# headlight bulb



## R Snyder (May 12, 2009)

Can anyone tell me the best way to replace the headlight bulb in an Accucraft Colorado and Southern # 60?


----------



## East Broad Top (Dec 29, 2007)

Hmm, if we count the responses, will that tell us how many large scale railroaders it takes to change a light bulb? 

Later, 

K


----------



## Torby (Jan 2, 2008)

hehe - Apparently more than we have here









I've done it, but not in an Accucraft Colorado. 
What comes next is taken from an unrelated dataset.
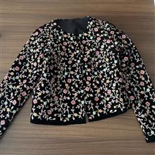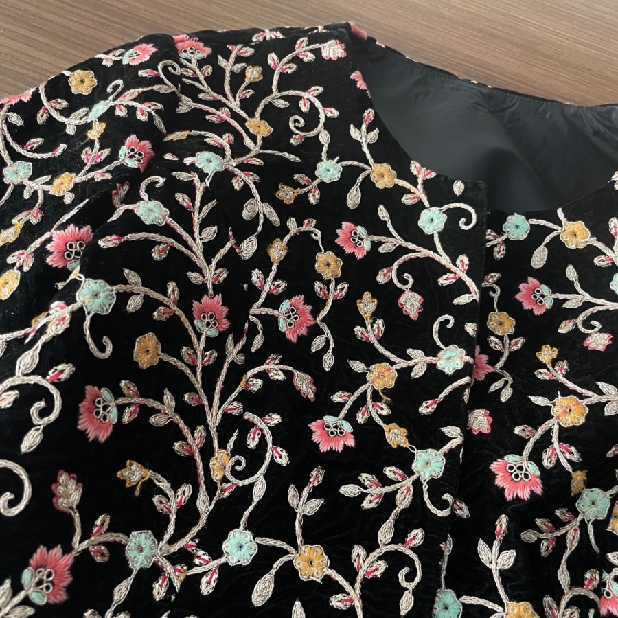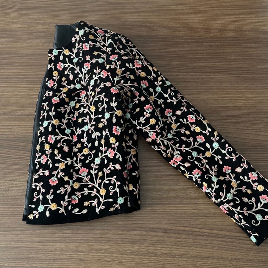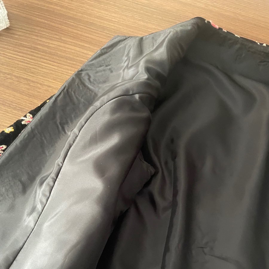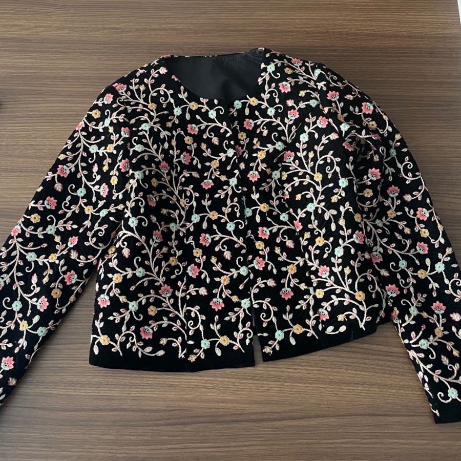 کت تک کراپ، پارچه مخمل بسیار پرکار و شیک، شخصی دوز مزونی، داخل کار آسترکشی و دوخت بسیار با کیفیت و تمیز، کاملا نو، مناسب سایز 36 و 38 ظریف، بایه شلوار یا دامن مخمل یاتافته مشکی بینظیر میشه، زیباییش اصلا توی عکس مشخص نیست متاسفانه ، رنگ زمینه کاملا مشکی، تنخور بسیار عالی که کاملا روی تن میشینه، جلو دکمه یا قزن نداره

In one loco, I changed the burned out 14v lightbulb with 3 gow bulbs. They fit inside quite nicely. Of course, I don't know what kind of bulbs the Colorado has or what it takes to get to it.


----------



## R Snyder (May 12, 2009)

I have had a couple of people tell me I can drill a small hole in the back of the headlight and push the lens out forward with a small punch. I am just looking for other input before I try that approach.


----------



## weaverc (Jan 2, 2008)

My Accucraft lenses are held in with a hard to see circular spring wire and a back disc that screws off. My Roundhouse locomotives have access only through the front with a lens that is freed when the ring around it is removed. I've drilled a hole in the back of all my locomotive headlights to insert a 3mm YelloGlo LEd forward into the reflector with very good affect. My SR#24 is shown. 5mm and 1.5mm LEDs are also available as are grain of wheat and grain of rice incandescent bulbs for a variety of voltages. A dropping resister in series lets you use a variety of voltages to light the LED, which by itself is usually 1.5 or 3 volts.


----------



## Torby (Jan 2, 2008)

There you have it! A reply by somebody who has had one of those apart.


----------



## R Snyder (May 12, 2009)

Thank you for the information.


----------